I see people in long time sobriety, still posting on forums, still attending meetings, still actively getting support. Does this journey ever end? Or is this a permanent screwing for life?

I can totally understand being 5 months sober, i need to do everything right now to stay on track, but in 5 years from now?

Do i really need to be on recovery websites, attending groups, STILL talking about alcohol every single day?

For the people attending meetings 15 years latter after non drinking, do you still need support? Don't you see it as a hassle, to have to get in your car, drive to a location, and discuss drinking, In that long period of time are you still thinking about there is a possibility that you will go back to drinking?

I am feeling agitated today, and thankful that my tools have been working for myself, but i cant phantom the idea of having to live the rest of my life lift this. I want the journey to recovery to end, with out relapsing. Am I being realistic?

If im not, im just not sure if i can live the rest of my life, with the constant thought of alcohol EVERY single day. The feeling is not in fear of relapse, i would find it super annoying to discuss a topic 5 years latter, then i no longer have in my life.

biminiblue 07-09-2018 06:50 AM

Well, I picked up after 18+ years sober, so my angle on this is that what I did last time didn't work so I'm going to put it front and center this time. I am making sobriety the most valued thing I have.

I'm at four and a half years this time and though I'm not concerned nor worried, it doesn't hurt me to stay involved on this site - and I am daily reminded that drinking will not serve me in any way. Just read through any of the multiple relapse threads on any given day.

Your mileage may vary. Follow your own heart. :)

Behappy1 07-09-2018 06:51 AM

Very good question!! I am not far enough in my recovery to answer that, but I’m curious to know what others think as well.

cotwo 07-09-2018 06:53 AM


Originally Posted by biminiblue (Post 6949431)
Well, I picked up after 18+ years sober, so my angle on this is that what I did last time didn't work so I'm going to put it front and center this time. I am making sobriety the most valued thing I have.

I'm at four and a half years this time and though I'm not concerned nor worried, it doesn't hurt me to stay involved on this site - and I am daily reminded that drinking will not serve me in any way. Just read through any of the multiple relapse threads on any given day.

Your mileage may vary. Follow your own heart. :)

I can understand it cant hurt to stay involved. Does needing a daily reminder last for ever? Cant drinking just be something you used to do, and dont think about any more?

VigilanceNow 07-09-2018 06:54 AM

Hi cotwo.

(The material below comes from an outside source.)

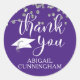 Confetti d'argent et MERCI manuscrit et le nom du diplômé en blanc contre une couleur arrière - plan violet changeable. Utilisez comme partie de remise de diplômes pour les autocollants ou merci les sceaux sur les enveloppes de papeterie. Contactez le concepteur si vous souhaitez que ce design soit modifié ou sur un autre produit.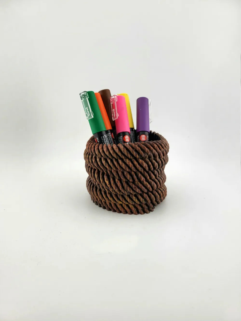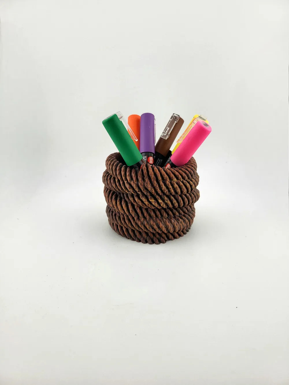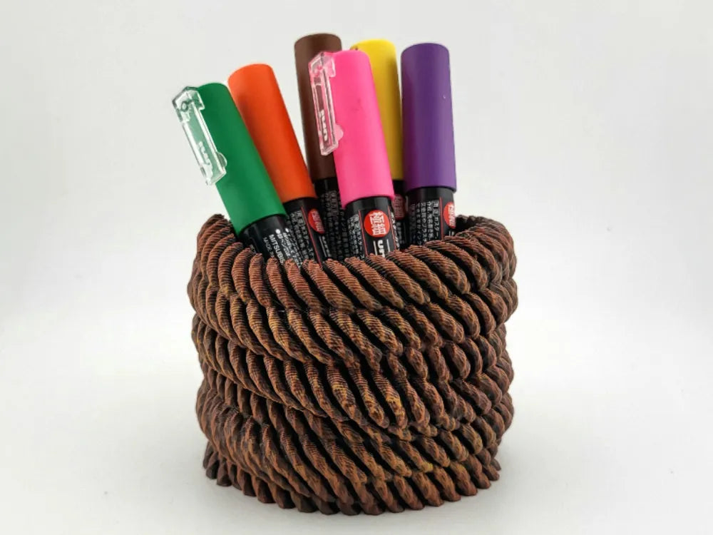 - Rope Spiral Design: A thick coiled rope pattern forms a unique and eye-catching desk organiser.

First of all, I completely understand your agitation with respect to feeling like constant maintenance (i.e. meetings, forums etc) is a hassle and not something you can keep up forever.

First of all, forget about ideas like “forever” and “the rest of my life”. When it comes to sobriety, just think about today and what you need to do today to stay sober. When tomorrow comes, you will do the same. For many, myself included, it is a daily struggle, but no longer an obsession. I’m still in early sobriety and have had and still sometimes have the same feelings you do. Why can’t there just be a cure? Like at some point people stop physical therapy for a broken leg; why can’t I be deemed fit to face the whole alcohol-feee on my own?

Well, it’s a lifelong thing. Stress and catastrophe are out there, and as alcoholics we too quickly forget the disaster that befell us when we drank. You mentioned people 15 years sober in meetings; I’ve known many people 30+ years sober who go to meetings every day. The meetings are the reason they’re still sober. No one is forcing them, no one is judging them or anything; they’ve made the decision to stay sober and they do what they need to do to remain that way.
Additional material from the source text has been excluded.